Correcting Previous Corrections

Norgaard, on the other hand—also an economist with extensive experience in the delta—thinks that engineering solutions and financial analyses might engage the problem too narrowly. “We’re now trying to correct the outcomes that were the unexpected consequences of all the corrections we made earlier,” he says. “Change is happening. And the idea that we can keep restoring things to the way they were in the past, well, that’s just not the nature of the world we’re in anymore.”

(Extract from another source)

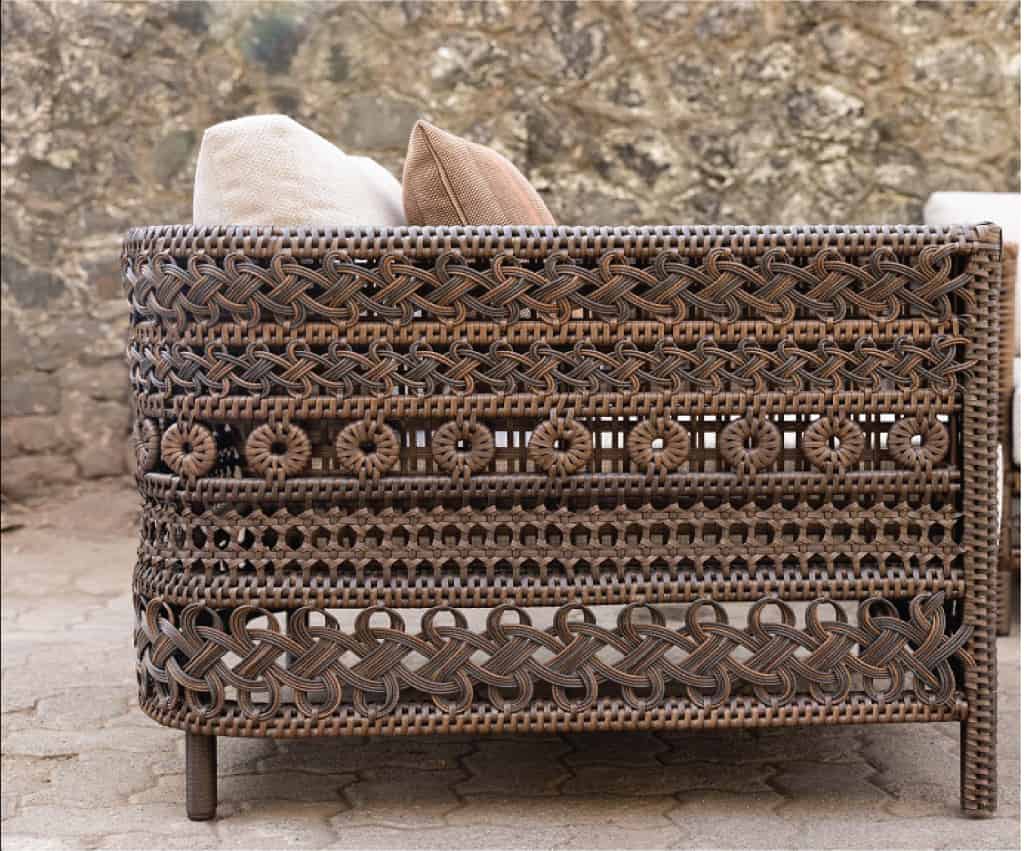 ABACA furniture is made of UV Synthetic polypeel/polyrope and polyrod woven on 1.2-2mm thick powder coated/painted aluminium framework.

No matter what happens in the future, water is forever going to present as many problems as opportunities. There’s always too little of it, too much of it, or just the right amount…but in all the wrong places. Still, while the Golden State seems to have more than its share of water woes, many potential solutions are well within sight. “Water doesn’t have to be a limiting factor for California,” says Sunding. “But it could be if we blow it.”

Preserving the Integrity of Research

“If you go back 10 years, everything was done as combat science,” says Vincent Resh, a Delta Independent Science Board (DISB) member. “Everybody had their own expert, and nothing ever got resolved.” “Delta science is conducted with about 100 different agencies,” says Richard Norgaard, the board’s first chair. “How do we get all that knowledge to come together and make rational decisions? Who has a brain 10 times the size of Einstein’s to fit it all together?”

The 2009 Delta Reform Act changed the dynamics by forming the Delta Stewardship Council (DSC) and mandating that the DSC develop a Delta Plan. The DISB argued that the Delta Plan should have a Delta Science Plan which has now been developed under the leadership of the Delta Science Program staff and with the cooperation of the many agencies doing delta research.

“Things seem to be changing for the better,” says Stephanie Fong, the acting science program manager for the State and Federal Contractors Water Agency. “The DISB represents the independence of the science necessary in a very political delta climate. Having a board that’s separate from the various interest groups is absolutely invaluable.”